The Dramatic Effect of LexA Inhibition
Halting evolution is exactly what Romesberg and his colleagues demonstrated in their latest PloS paper. They showed that when E. coli cells were treated with the antibiotics ciprofloxacin and rifampicin, they turned on their mutation pathways and rapidly evolved resistance to the antibiotics. Wanting to find the proteins that turn on the mutations, Romesberg and his colleagues identified a master regulatory switch that, if inhibited, blocks the ability of the cells to mutate.

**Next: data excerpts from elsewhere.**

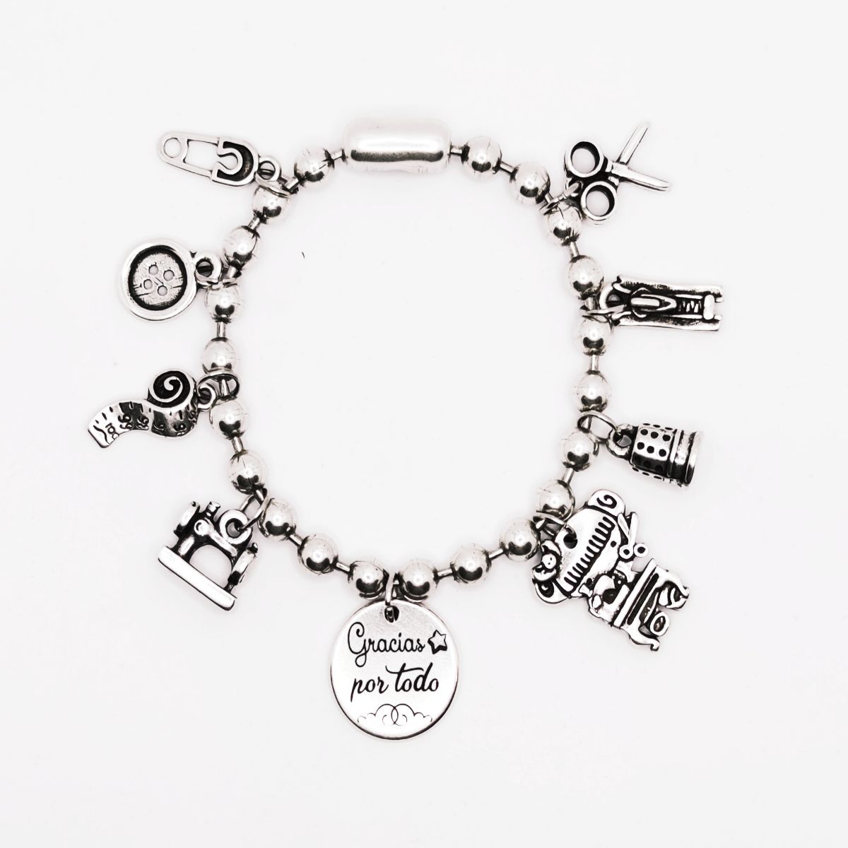 Esta pulsera es perfecta como agradecimiento a esa gran costurera, con abalorios que hacen referencia a dicha profesión que tanto apasiona, realizada con cadena de bolas de 6mm con baño de plata de alta calidad, chapa de zamak de 20mm bañada en 8 micras de plata, colgantes de zamak bañados en 8 micras de plata y cierre de zamak de 16x8mm con baño de plata.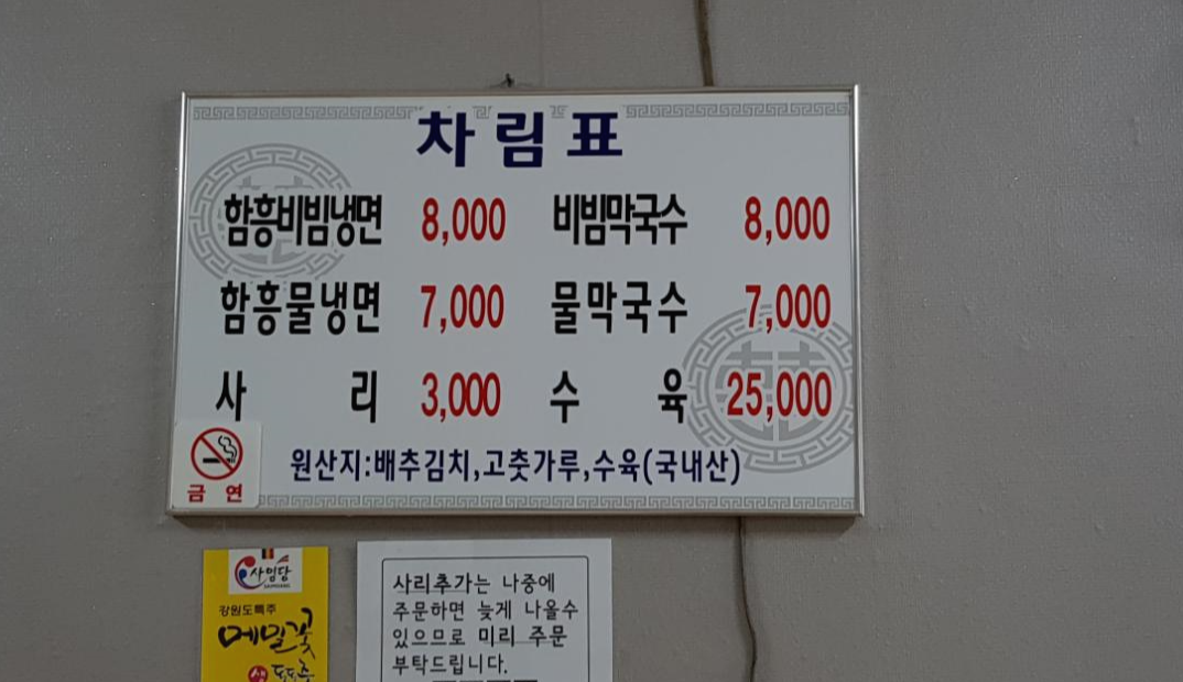 메뉴는 간단합니다. 냉면, 막국수, 수육 세가지입니다. 면은 물, 비빔으로 골라 먹을 수 있네요.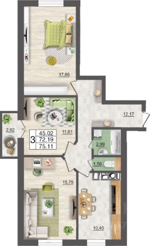 Продаётся 3-комнатная квартира в строящемся доме (дом 8 ), срок сдачи: III-кв. 2028, общей площадью 75.3 кв.м., на 2 этаже. Микрорайон "Соловьиная роща. Новый квартал" - новый масштабный проект АО "Ваш дом". Концепция микрорайона разработана с акцентом на детали. Здесь не только удобно и комфортно жить, заниматься спортом, отдыхать, но и получать эмоции и социализироваться. Высокое качество возводимого жилья и ответственность перед клиентами - основа философии компании "Ваш дом". Наша задача - находиться в постоянном диалоге с покупателем и развивающимся рынком. Каждый день мы стремимся оправдать ваш выбор в решении одной из самых важных жизненных задач - приобретение квартиры.Чистый воздух, тихие дворы с современными площадками для спорта и игр, развитая инфраструктура, детский сад, магазины, аптеки, фитнес-центры, уютные квартиры и современные инженерные решения.Каждый проект компании "Ваш дом" представляет собой тщательный выбор участка, детальную разработку генерального плана, подведение новых инженерных сетей.Для нас представление о комфорте не ограничивается рамками отдельной квартиры. На протяжении всей нашей деятельности мы всегда придерживались концепции строительства исключительно микрорайонов с полноценной инфраструктурой для жизни, а не отдельно стоящих домов. Архитектура Мы разработали новый, современный, яркий и выразительный формат жилья: лаконичная геометрия зданий, дизайнерские фасады домов. Перекликающиеся с фасадами оформление холлов и подъездов, высокие потолки, качественное осветительное и лифтовое оборудование. Отношение к местам общего пользования - холлам, лифтам - это показатель уровня дома. Здесь мы не скупимся на современные и оправданные решения. Атмосфера Всего пару шагов - и вы в чудесном и живописном парке "Соловьиная роща". Сейчас он является истинным местом для отдыха, занятий спортом, прогулоки романтических встреч. Уютная внутренняя территория микрорайона разделена на тихие зеленые дворы, часть из которых будет разработана согласно концепции "двор без машин". Акцент на озеленение и зонирование на активный и спокойный отдых. Комфорт Мы создаем планировки квартир, отталкиваясь от потребностей семьи, которая будет в ней жить. Планировки разрабатываем с учетом того, какие предметы современной домашней обстановки нужно предусмотреть и расставить на свои места: шкафы, диваны, стиральную машину и иную мебель. А в каждой кухне хватит пространства для всей семьи.

This was the protein LexA, which belongs to the class of signaling enzymes known as serine proteases and works by cutting the amino acid chain of other proteins. Romesberg and his colleagues showed that LexA's action was necessary for the evolution of resistance to the antibiotics in vitro.
The effect in vivo was dramatic. Blocking LexA in rodent models of E. coli infections halted the growth of antibiotic resistance. Three days after being subjected to antibiotics, the rodents showed no level of resistance to rifampicin or ciprofloxin, when they harbored a variant of LexA that was catalytically inactive. In control experiments, the rodents were given rifampicin or ciprofloxin, and the scientists found that nearly all the wild-type E. coli cells had grown fully resistant to the antibiotics after three days.
This research is also significant for cancer because cancer cells mutate readily and often acquire resistance to common chemotherapies. Romesberg hopes that if he and his colleagues can identify the molecules that human cancer cells use to drive evolution, they can find ways of intervening and preventing the evolution of chemotherapy resistance in these cancer cells. Last year Romesberg was awarded a Department of Defense Breast Cancer Research Program Idea Award of $563,100 to identify the genes in Saccharomyces cerevisiae yeast and human cells that induce mutations that can transform normal cells into cancer cells.